FIG. 8 is a block diagram showing a third embodiment of the present invention. If the communication module of each PLC is replaced with a module corresponding to a coaxial cable instead of an optical cable, the PLC according to the present invention is hierarchized. Can also be applied to a bus type communication network.

[0020]

As described above, according to the present invention, when data is transmitted or referred to between PLCs layered in different hierarchies, only the user program of the target PLC can be used. As described above, the trouble of setting the relay station PLC and writing a program,
You can eliminate mistakes. Further, when the data transfer instruction is described in the relay station, the delay caused by one cycle of user program execution can be eliminated.

[Brief description of the drawings]

FIG. 1 is a block diagram showing a configuration of an embodiment.

FIG. 2 is a block diagram showing a configuration of a PLC.

FIG. 3 is a block diagram showing a main part of a CPU.

FIG. 4 is a block diagram showing a main part of a communication module.

FIG. 5 is a memory map showing a link memory and its address table.

FIG. 6 is a flowchart showing a process performed first by a communication module which receives a link refresh request from a CPU.

FIG. 7 is a block diagram showing a configuration of another embodiment.

FIG. 8 is a block diagram showing a configuration of another embodiment.

FIG. 9 is a block diagram showing a configuration of a conventional example.

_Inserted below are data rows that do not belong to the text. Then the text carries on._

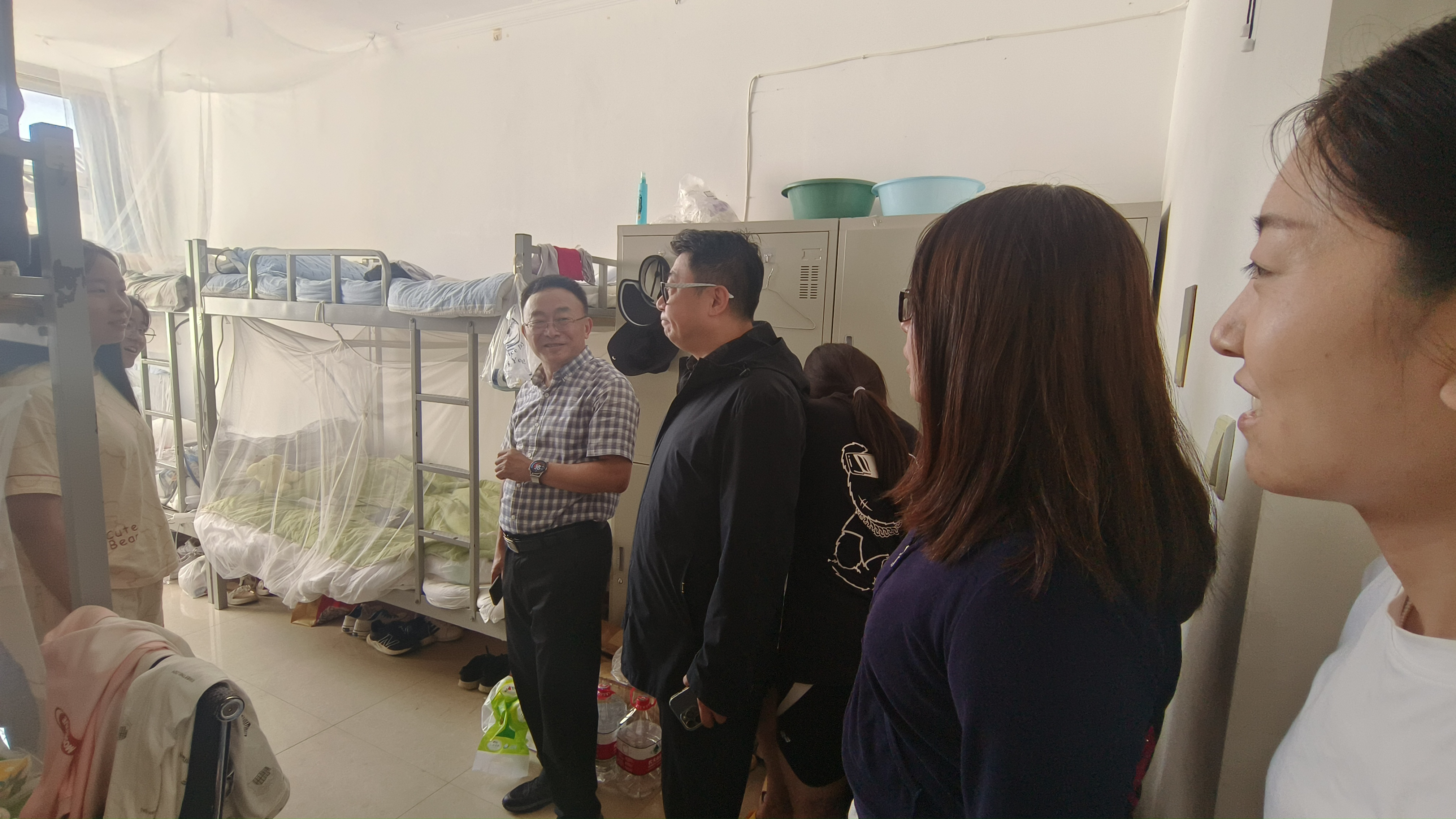 9月21日下午,汪书记一行首先来到教师公寓探望公司环境科学实习教师团队,代表公司关心慰问,了解本年度实习计划与进展,询问教学实习困难并加以解决。随后,党委书记汪祥松、副书记吴哲、教学办公室主任刘南、2021级辅导员李薇共同前往员工公寓走访,实地了解实习员工学习生活情况。“食堂伙食怎么样?野外实习还能够适应吗?”走访中汪书记多次询问大家的生活情况。同学们纷纷表示食堂的伙食不错红烧肉特别好吃,基地环境很好,凉亭走廊很舒适。刚来到兴城的时候天气还比较炎热,大家在寝室通过开窗开风扇的方式克服,现在天气凉爽寝室已经不需要开风扇了。在适应了实习基地的生活后,野外实习更加顺利,大家对专业能力的提升充满信心。汪书记在了解后,表扬了寝室的卫生状况,肯定了同学们吃苦耐劳、脚踏实地的地学精神,鼓励大家珍惜实习机会,进一步提升个人能力,圆满完成本次的实习任务。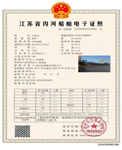 徐州安順航運有限公司負責人張先生在手機上看到了公司“大新18”號船舶的電子證照,這也是徐州市簽發(fā)的首張內(nèi)河普通貨船“多證合一”電子證書。張先生說:“以前像我們申請辦理船舶各類證書要跑好幾個部門,船舶證書多達十幾種,對航運企業(yè)而言,辦理周期長、跑辦次數(shù)多,且不便于攜帶、保管很不方便,嚴重影響了航運效益的發(fā)揮,也成為內(nèi)河航運在優(yōu)化營商環(huán)境方面的短板,F(xiàn)在只要到一個窗口去一次就都能辦齊了,手機掃一下就能查得到,真是太方便了。”
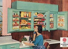 The 1950's did have its share of frozen. And really post war American, with its over abundance of energy, electricity, and factories wanting to pump out something to replace all the weapons they had been making, certainly provided the 1950's housewife with a great selection of freezers and food to go in it. Any way you slice it, the ease of frozen and ready made foods can make dinner time pretty simple and you can 'add in' as much high end or local grown items as you choose. I still prefer homemade, as I am not a fan of GMO foods nor the unknown put into processed eating, sometimes a gal is just lazy. I hope, however, to never be so lazy as to need a frozen Thanksgiving TV dinner.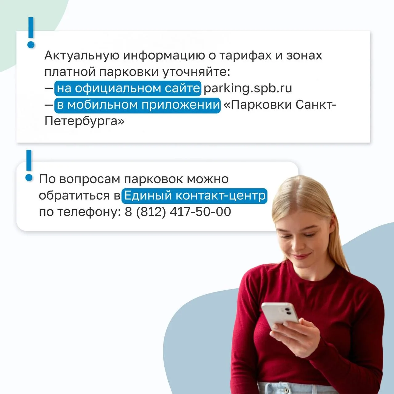 Актуальную информацию о тарифах и зонах платной парковки уточняйте на официальном сайте или в мобильном приложении «Парковки Санкт-Петербурга». По вопросам парковок можно обратиться в Единый контакт-центр по телефону 8 (812) 417-50-00.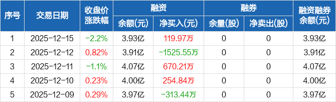 永贵电器:融资净买入119.97万元,融资余额3.93亿元(12-15)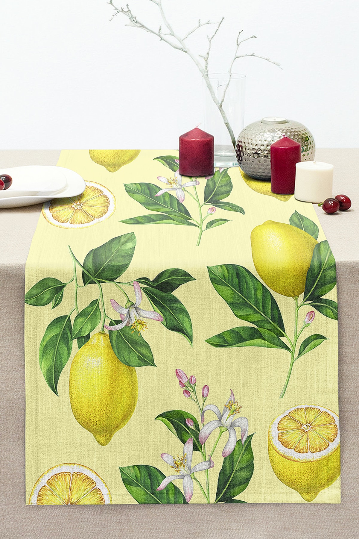 Beyaz Zemin Limon Desen Dijital Baskılı Runner Beyaz Zemin Limon Desen Dijital Baskılı Runner RN20 تک سایز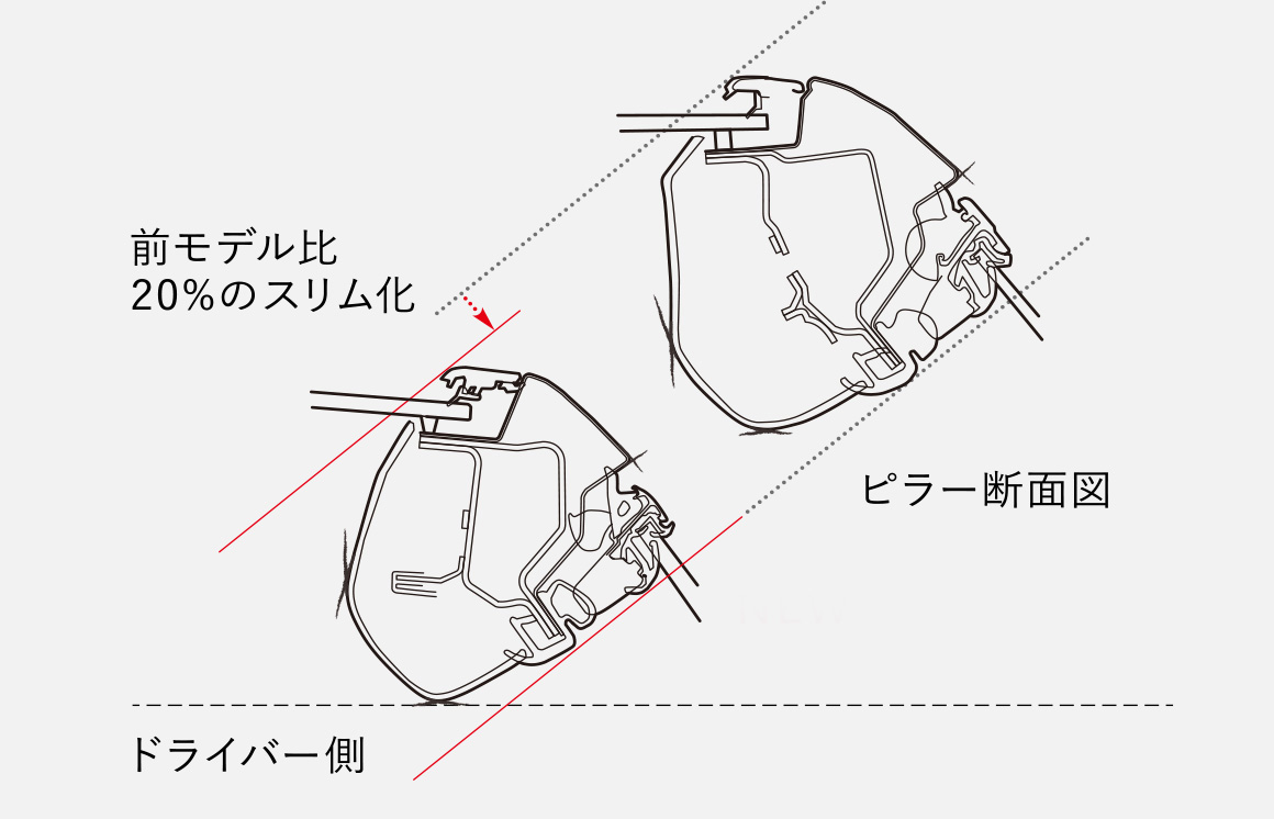 シートに座り、最初に驚くことが圧倒的な視界の良さ。実現したのは、フロントシートを内側にレイアウトすることで、視野角を広げるという発想。さらに、フロントピラーの位置を後方に引くとともに、スリム化を実現。視界を広げるとともに、美しいロングノーズデザインにも貢献しています。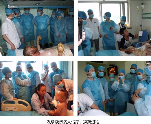 6月19日上午9點(diǎn),15位醫(yī)生被分成兩組,分別由舒葉主任和張美艷帶領(lǐng)參觀延安大學(xué)附屬醫(yī)院燒傷整形科病房??剖业睦钪魅魏蜅钪魅螌?duì)來訪客人分別進(jìn)行引導(dǎo)和講解,學(xué)習(xí)了大面積燒傷的治療,規(guī)范化的換藥,暴露療法,半暴露,及包扎療法的應(yīng)用,微粒皮種植技術(shù)的展示。參觀中,醫(yī)生們對(duì)換藥頻率,止疼藥及抗生素的使用,細(xì)菌培養(yǎng),療法適應(yīng)癥,見效的時(shí)間,疤痕防治,疤痕膏導(dǎo)入儀,按摩手法等都表示出了極大的興趣,兩位主任也詳細(xì)介紹了從急救,補(bǔ)液到防疤治療等局部到系統(tǒng)治療的具體事宜。幾位大面積燒傷患者的高質(zhì)量的創(chuàng)面愈合讓馬來醫(yī)生們感到欣慰和感嘆。應(yīng)醫(yī)生們的要求,院方安排了骨科病房的參觀,醫(yī)生們學(xué)習(xí)了再生技術(shù)在骨科領(lǐng)域的應(yīng)用,讓幾位骨科醫(yī)生興奮不已。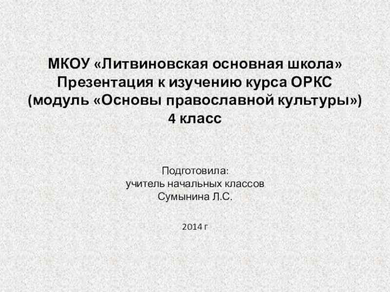 МКОУ «Литвиновская основная школа» Презентация к изучению курса ОРКС (модуль «Основы православной культуры») 4 класс Подготовила: учитель начальных классов Сумынина Л.С. 2014 г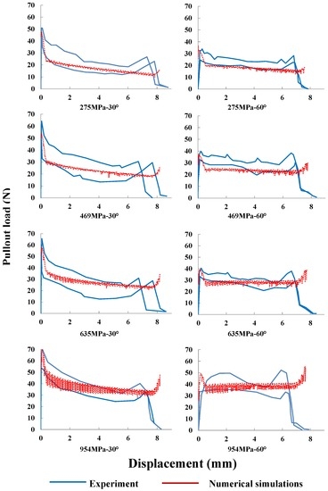 In order to verify the previously developed methodology, we compare the entire pullout curves with their experimental counterparts given by Leung and Shapiro [26]. This comparison is displayed in Figure 8 for fibers inclined at 30 and 60 with four different yield strengths given in Table 2. Note that both the peak loads and the general tendency are well captured; the numerical curves fall within the experimental range; in particular, the rising tail at the end of each pullout process is also reproduced.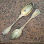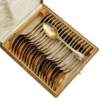 Dix-huit CUILLERES A THE en vermeil, modèle filets coquilles Deux Vieillard et seize Minerve Poids: 552 gr

FIG. 10 is a memory map showing a configuration of a conventional link memory.

[Explanation of symbols]

 1 Upper network 2 Lower network 3 Relay station PLC 4 Normal station PLC 5 Normal station PLC 6 Normal station PLC 7 Normal station PLC 8 Normal station PLC 11 Upper layer PLC link memory 12 Relay station PLC link memory 13 Lower layer PLC link memory 111 Upper Network 112 Lower network 113 Relay station PLC 114 Normal station PLC 115 Normal station PLC 116 Normal station PLC 117 Normal station PLC 118 Normal station PLC

Claims (1)

[Claims] 1. In a method of hierarchizing a plurality of programmable logic controllers by a plurality of communication networks, each programmable logic controller is provided with a link memory for storing link data of all programmable logic controllers, and refreshed with the same data. In this way, it is possible to directly transmit data between programmable logic controllers layered in different layers, and a method for layering a program logic controller by a network.